Everything from the line with "活动现场,花艺师为大家详细讲" through the final line of the listing below must be retyped exactly, apart from the pictures.

### [THE DATA]
________________________

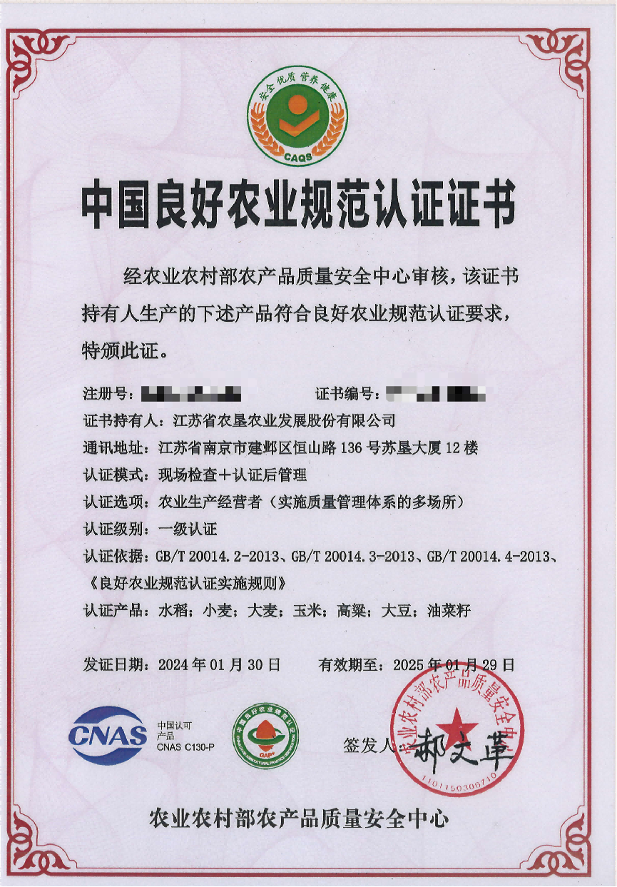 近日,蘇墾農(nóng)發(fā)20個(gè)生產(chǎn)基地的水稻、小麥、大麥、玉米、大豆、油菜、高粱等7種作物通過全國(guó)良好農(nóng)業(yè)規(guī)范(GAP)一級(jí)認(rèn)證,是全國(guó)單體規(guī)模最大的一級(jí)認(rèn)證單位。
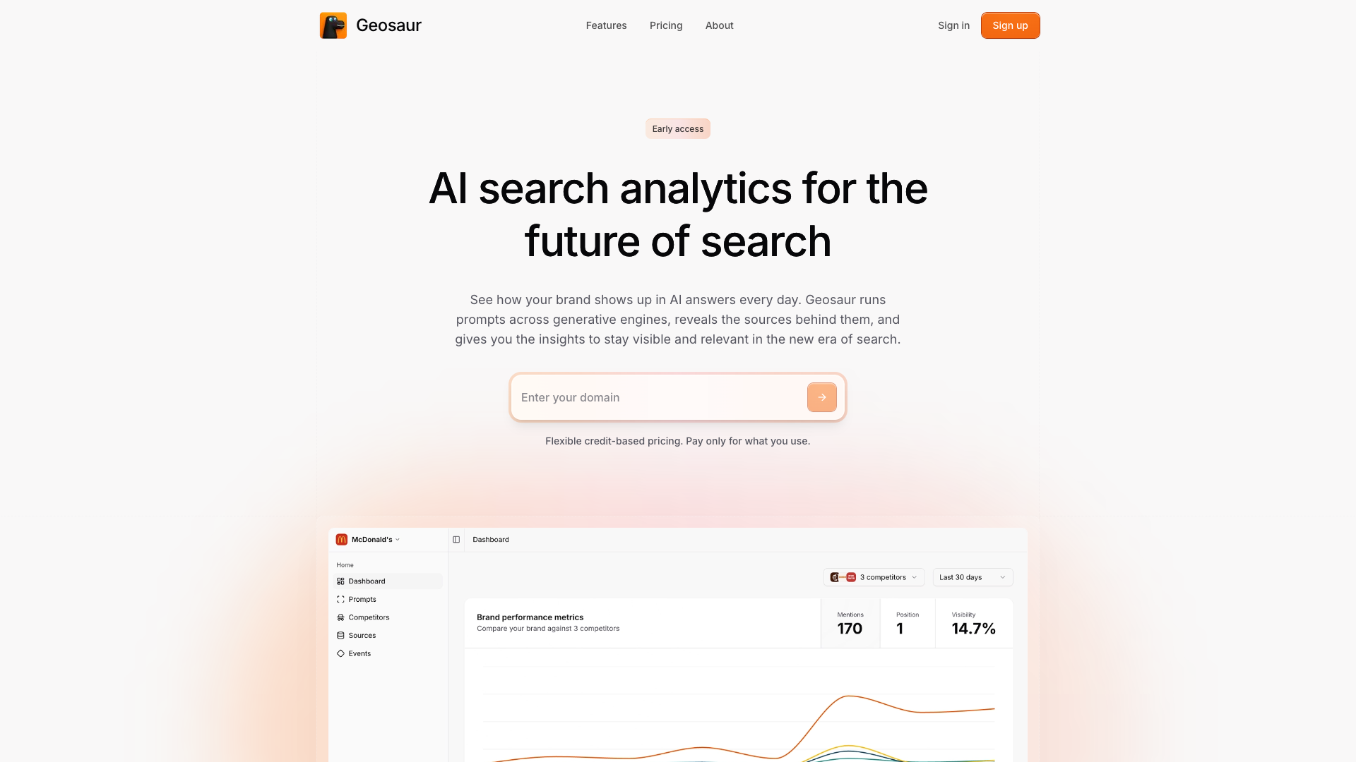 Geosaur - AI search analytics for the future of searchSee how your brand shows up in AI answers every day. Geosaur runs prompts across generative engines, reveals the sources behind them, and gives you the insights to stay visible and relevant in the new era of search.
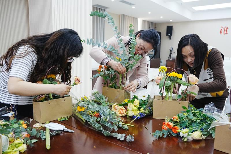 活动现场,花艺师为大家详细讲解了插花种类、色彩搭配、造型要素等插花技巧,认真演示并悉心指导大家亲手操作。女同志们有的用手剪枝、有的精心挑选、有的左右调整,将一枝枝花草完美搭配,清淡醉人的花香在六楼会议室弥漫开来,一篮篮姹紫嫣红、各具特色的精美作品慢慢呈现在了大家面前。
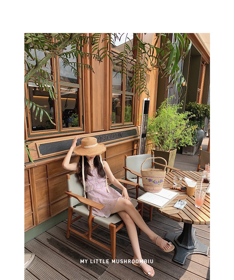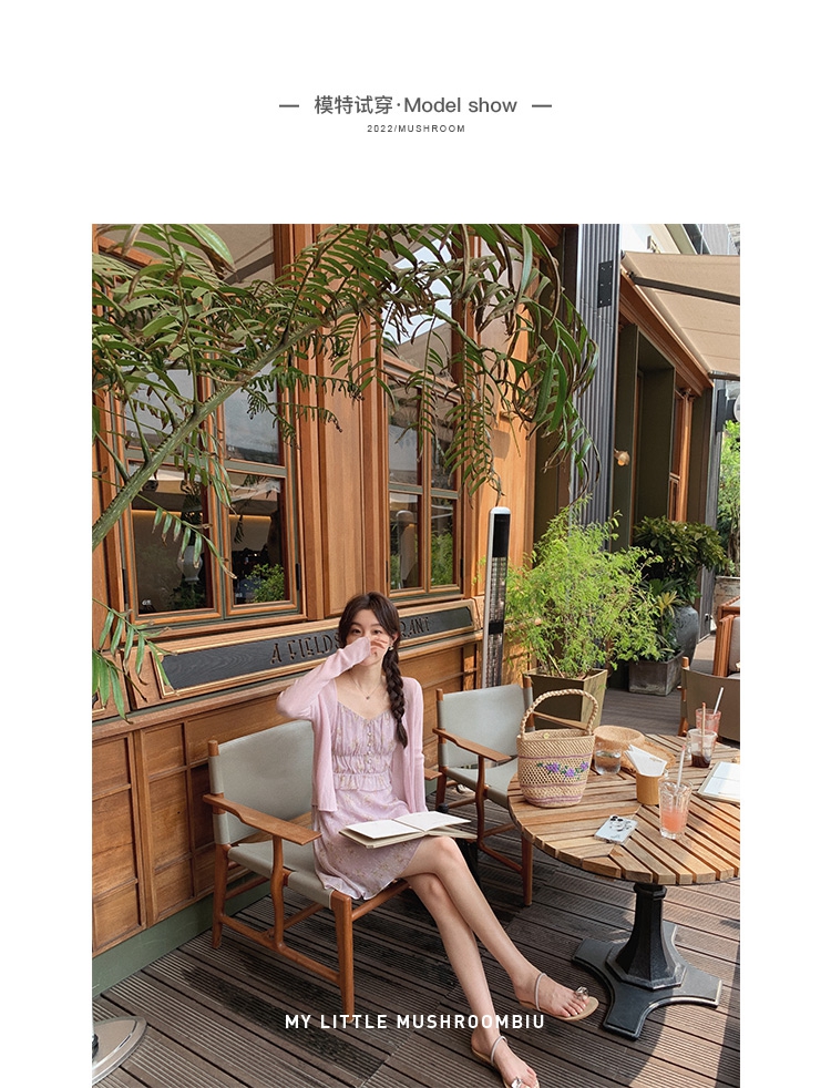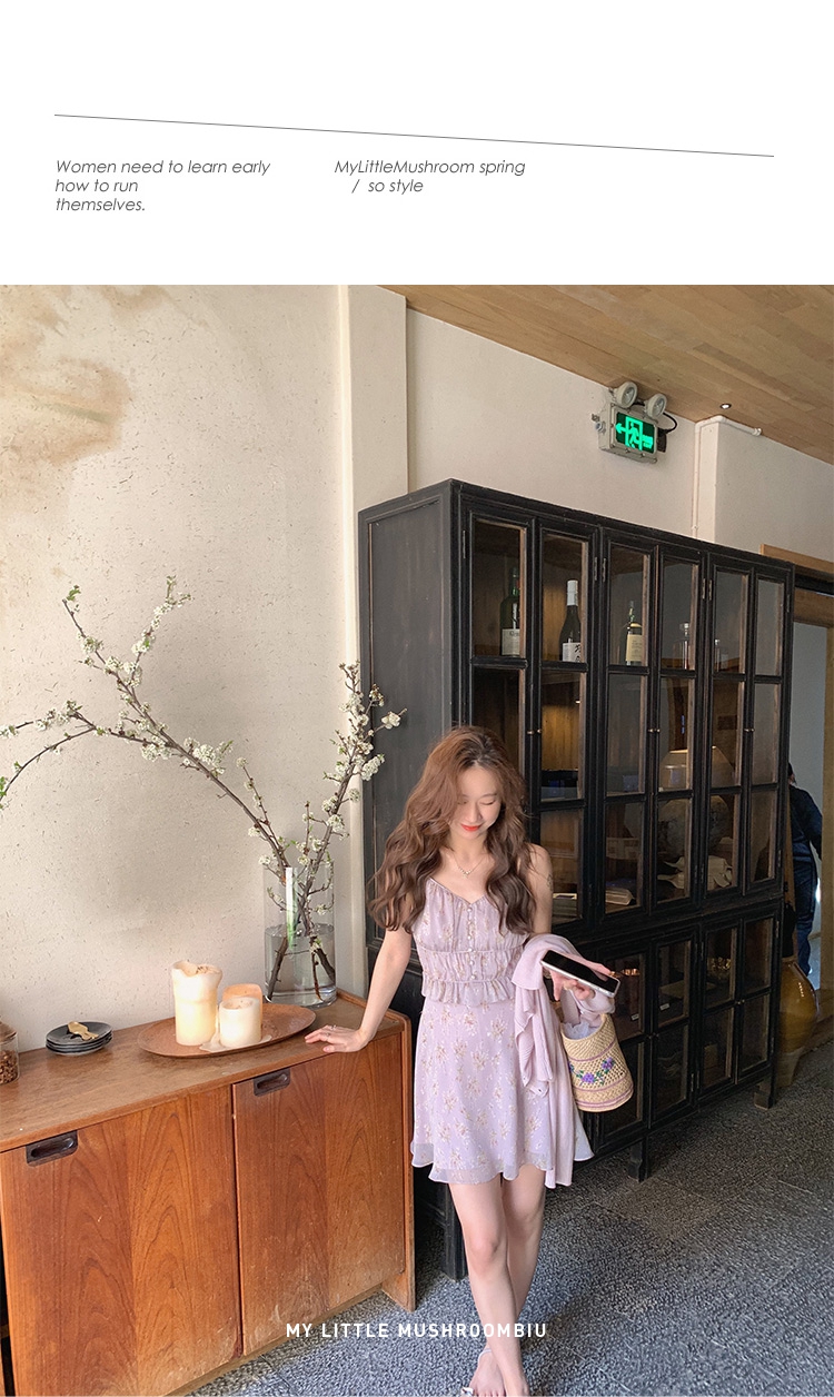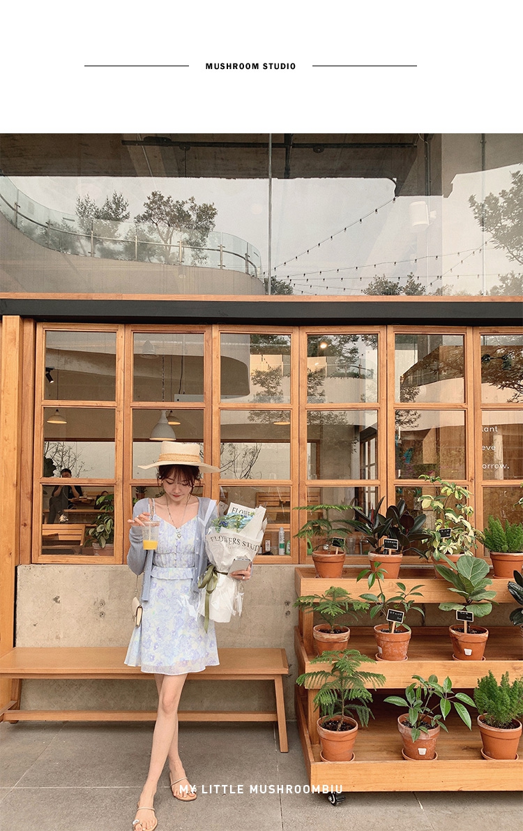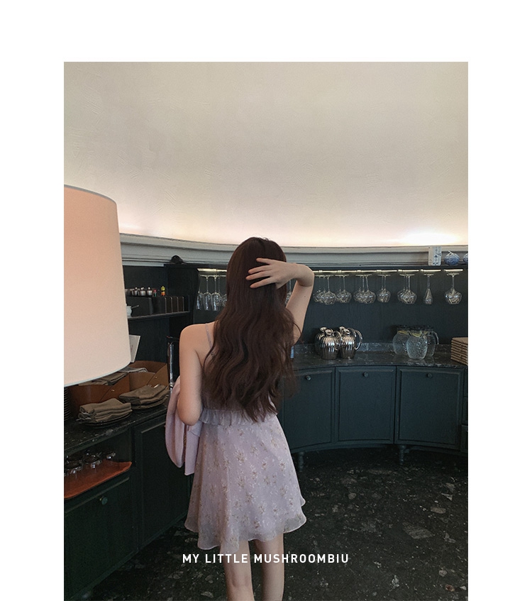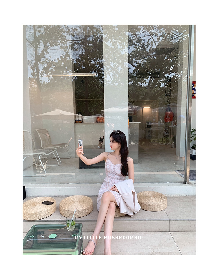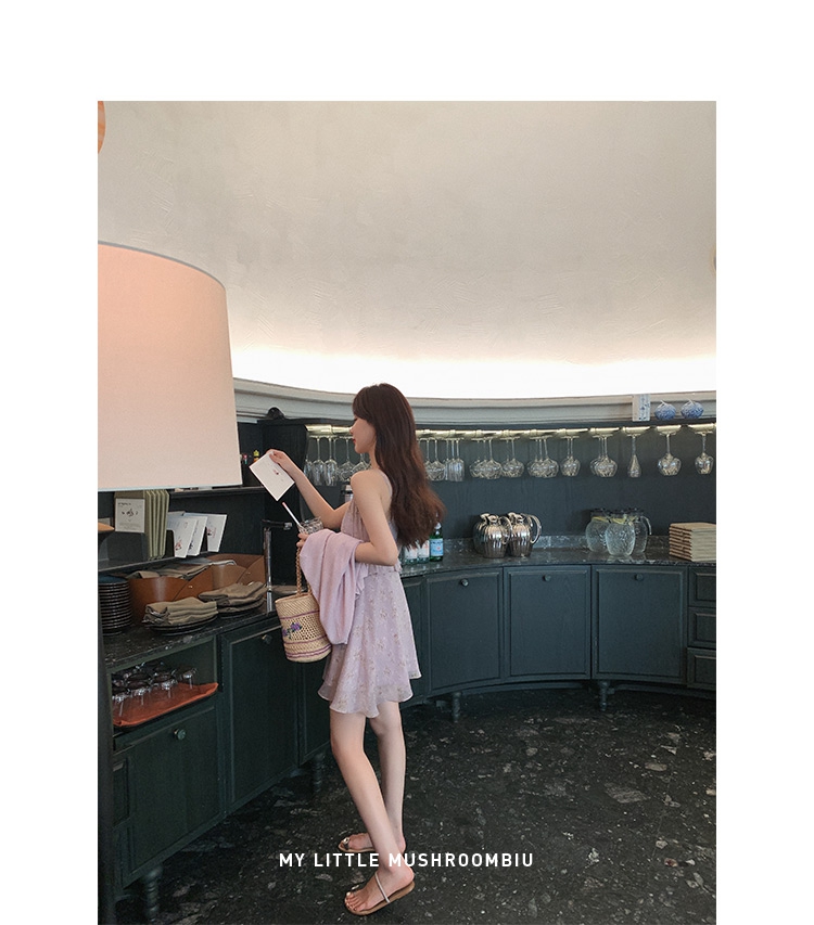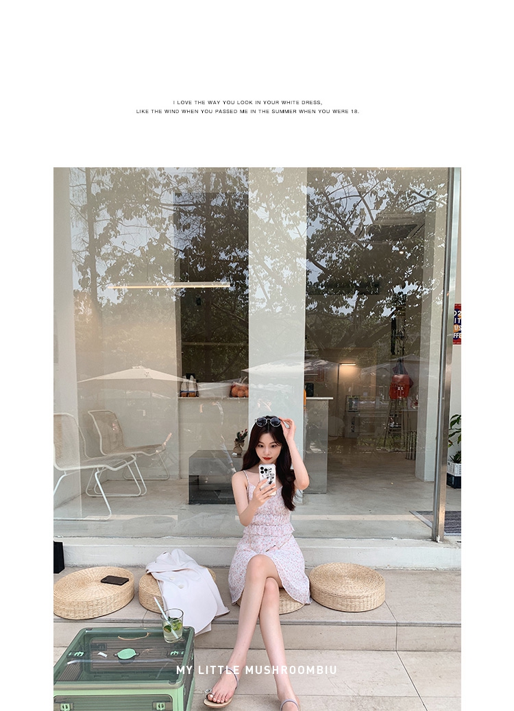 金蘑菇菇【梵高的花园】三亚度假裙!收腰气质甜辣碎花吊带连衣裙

________________________

### [WRITTEN SOLUTION]
 活动现场,花艺师为大家详细讲解了插花种类、色彩搭配、造型要素等插花技巧,认真演示并悉心指导大家亲手操作。女同志们有的用手剪枝、有的精心挑选、有的左右调整,将一枝枝花草完美搭配,清淡醉人的花香在六楼会议室弥漫开来,一篮篮姹紫嫣红、各具特色的精美作品慢慢呈现在了大家面前。
 金蘑菇菇【梵高的花园】三亚度假裙!收腰气质甜辣碎花吊带连衣裙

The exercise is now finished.